* _Collected data_
^^^^^^^^

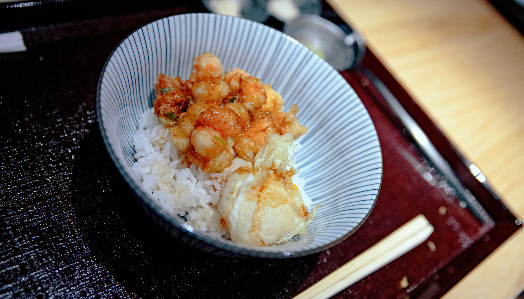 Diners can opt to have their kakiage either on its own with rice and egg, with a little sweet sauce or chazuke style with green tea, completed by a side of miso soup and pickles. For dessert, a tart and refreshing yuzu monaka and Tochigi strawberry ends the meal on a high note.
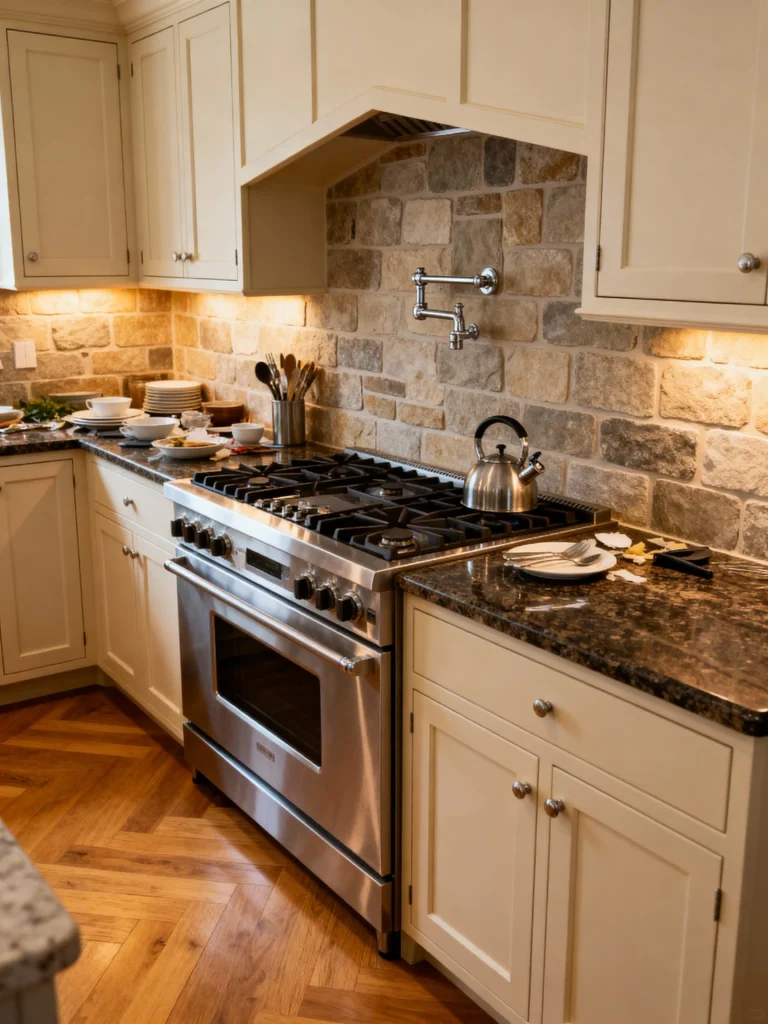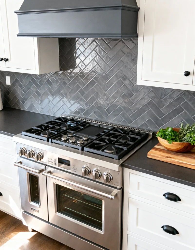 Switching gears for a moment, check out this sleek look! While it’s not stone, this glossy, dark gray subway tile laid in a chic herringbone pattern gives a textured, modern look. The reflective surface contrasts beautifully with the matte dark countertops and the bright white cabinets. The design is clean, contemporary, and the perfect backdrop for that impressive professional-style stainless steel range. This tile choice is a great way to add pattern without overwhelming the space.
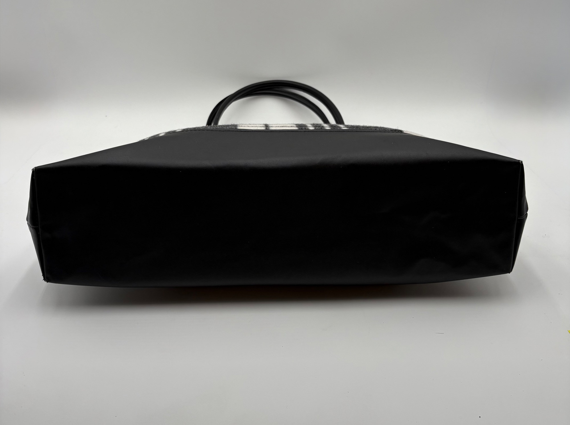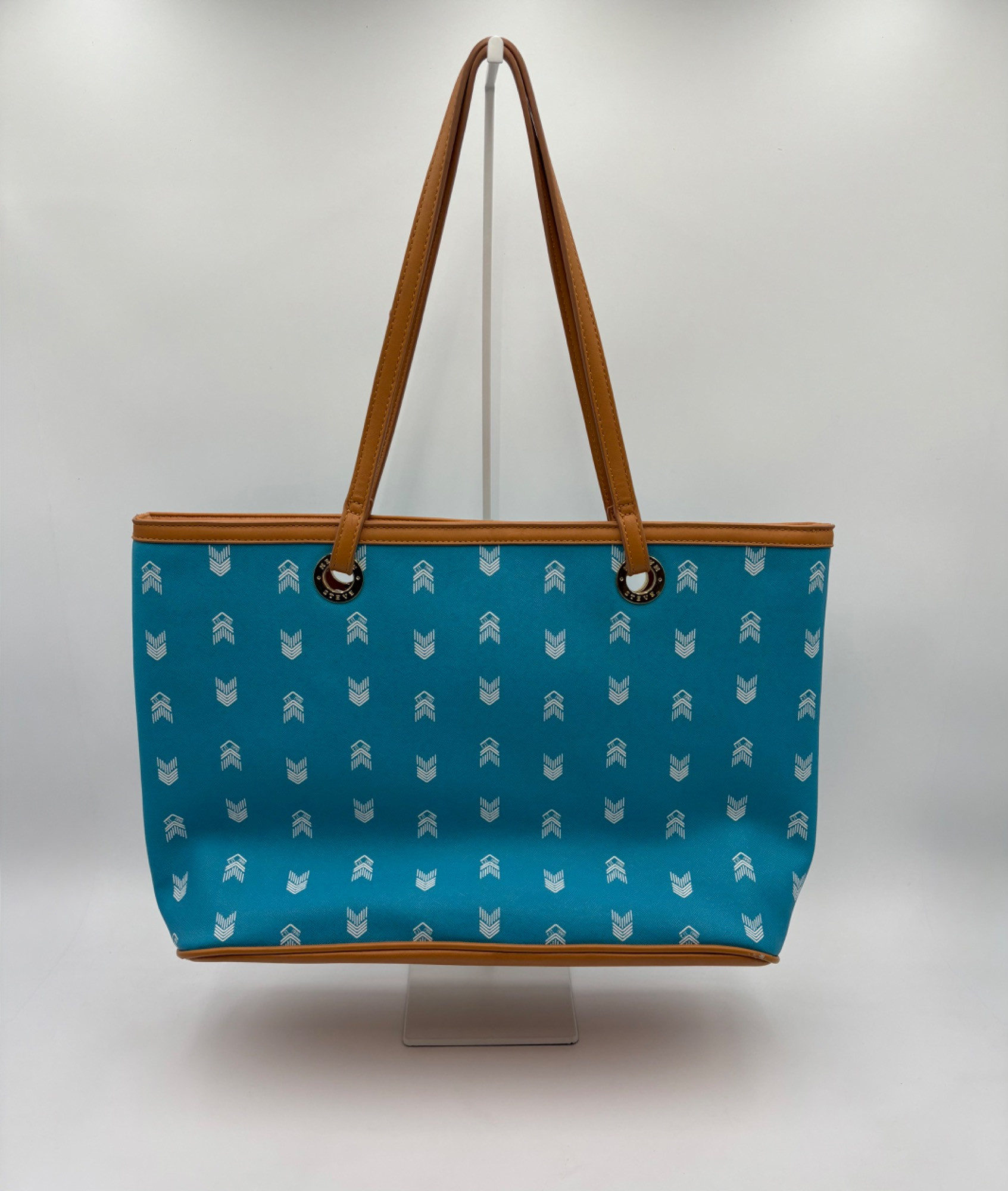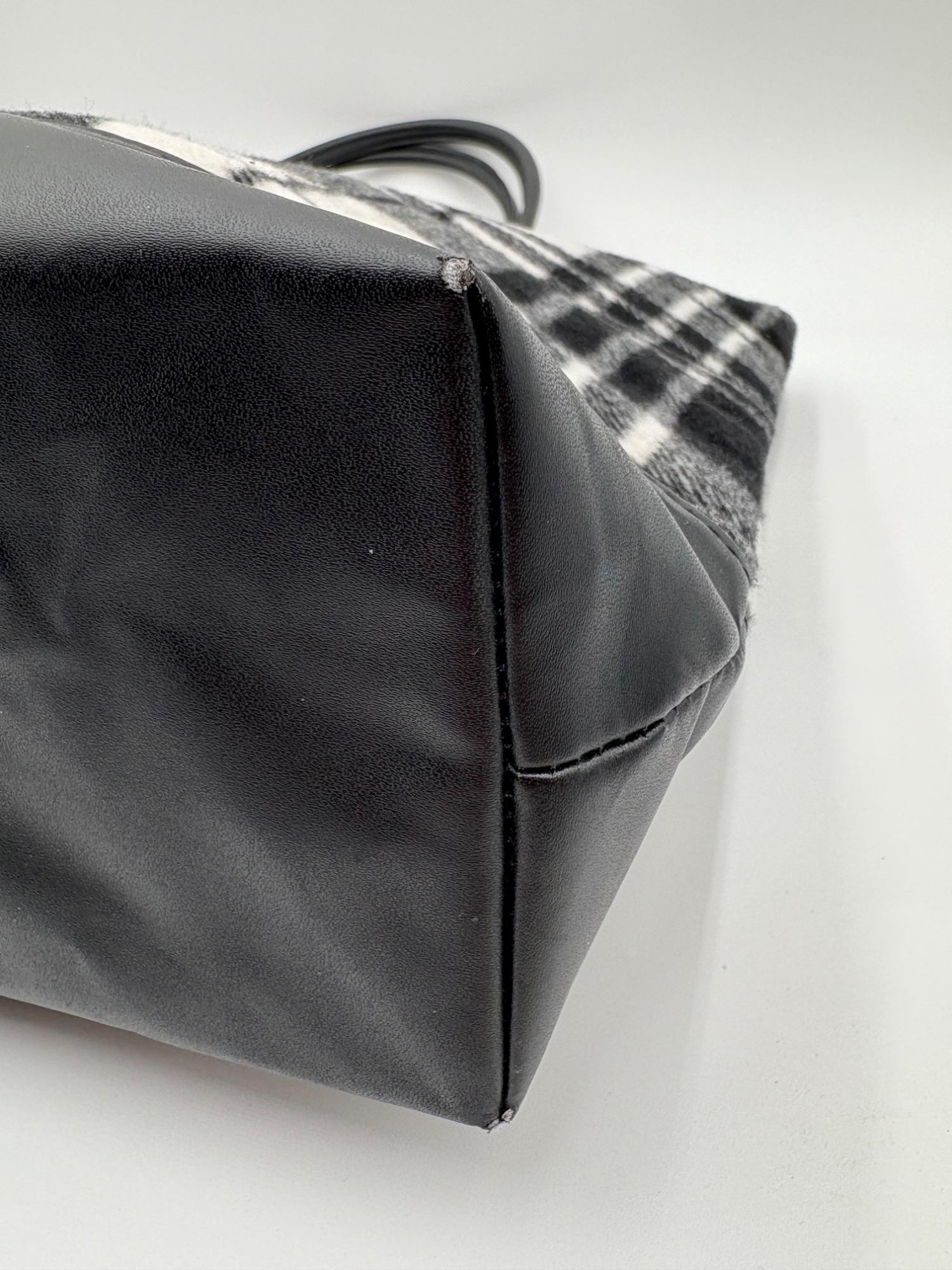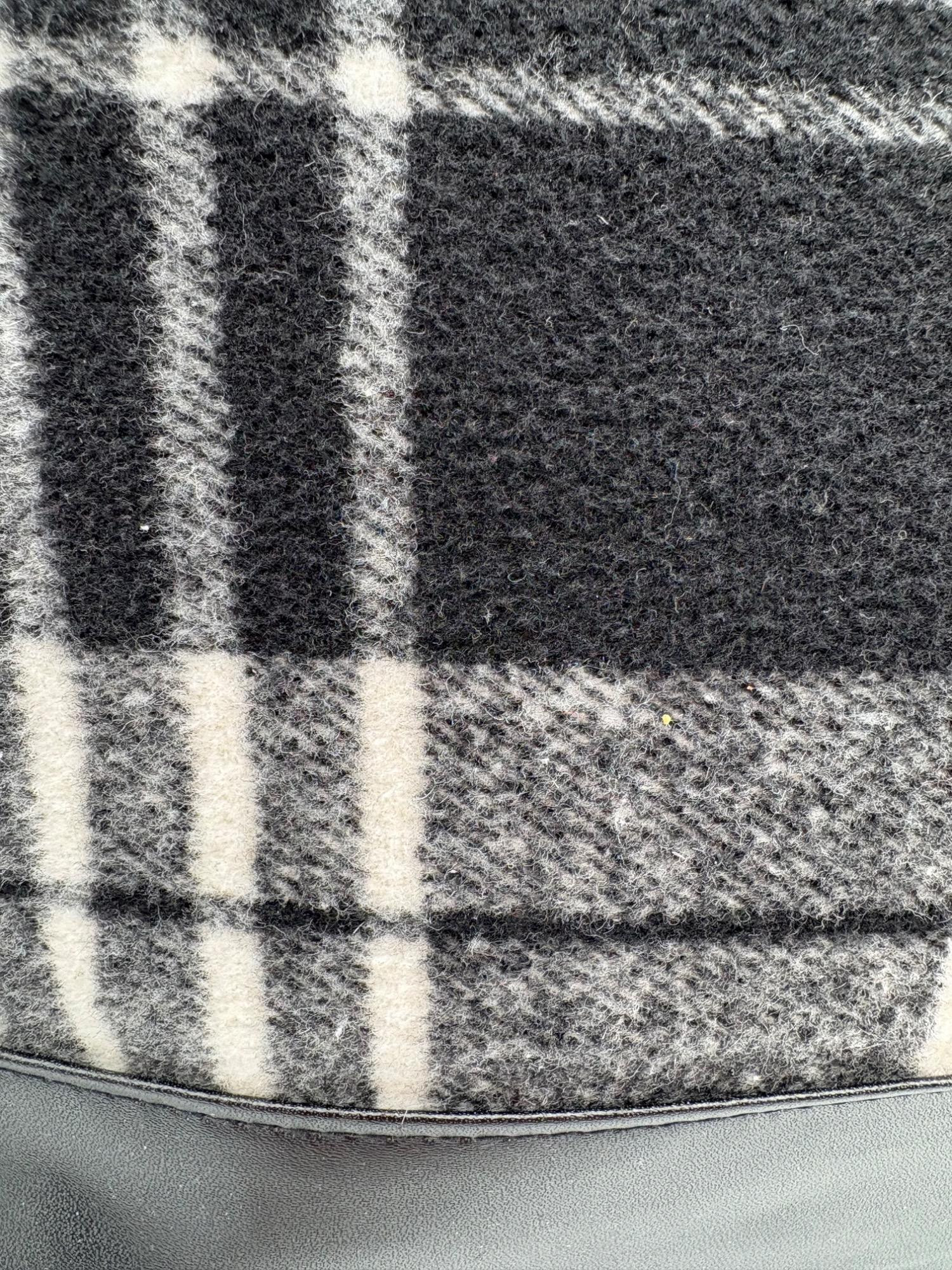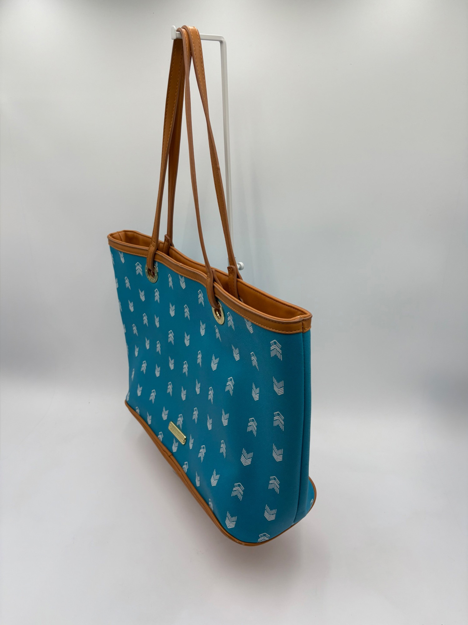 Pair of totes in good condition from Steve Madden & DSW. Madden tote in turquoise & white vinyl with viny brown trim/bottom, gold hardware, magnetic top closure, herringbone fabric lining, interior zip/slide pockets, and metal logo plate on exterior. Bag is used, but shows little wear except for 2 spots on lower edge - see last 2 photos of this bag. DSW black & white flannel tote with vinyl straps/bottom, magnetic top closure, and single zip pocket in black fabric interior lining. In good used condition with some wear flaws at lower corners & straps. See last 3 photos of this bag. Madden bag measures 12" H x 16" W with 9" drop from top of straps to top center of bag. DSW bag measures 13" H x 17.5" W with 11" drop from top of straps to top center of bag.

^^^^^^^^

* _Task instructions_
Dropping every picture, restate the material word for word.

* _Written reply_
 Diners can opt to have their kakiage either on its own with rice and egg, with a little sweet sauce or chazuke style with green tea, completed by a side of miso soup and pickles. For dessert, a tart and refreshing yuzu monaka and Tochigi strawberry ends the meal on a high note.
 Switching gears for a moment, check out this sleek look! While it’s not stone, this glossy, dark gray subway tile laid in a chic herringbone pattern gives a textured, modern look. The reflective surface contrasts beautifully with the matte dark countertops and the bright white cabinets. The design is clean, contemporary, and the perfect backdrop for that impressive professional-style stainless steel range. This tile choice is a great way to add pattern without overwhelming the space.
 Pair of totes in good condition from Steve Madden & DSW. Madden tote in turquoise & white vinyl with viny brown trim/bottom, gold hardware, magnetic top closure, herringbone fabric lining, interior zip/slide pockets, and metal logo plate on exterior. Bag is used, but shows little wear except for 2 spots on lower edge - see last 2 photos of this bag. DSW black & white flannel tote with vinyl straps/bottom, magnetic top closure, and single zip pocket in black fabric interior lining. In good used condition with some wear flaws at lower corners & straps. See last 3 photos of this bag. Madden bag measures 12" H x 16" W with 9" drop from top of straps to top center of bag. DSW bag measures 13" H x 17.5" W with 11" drop from top of straps to top center of bag.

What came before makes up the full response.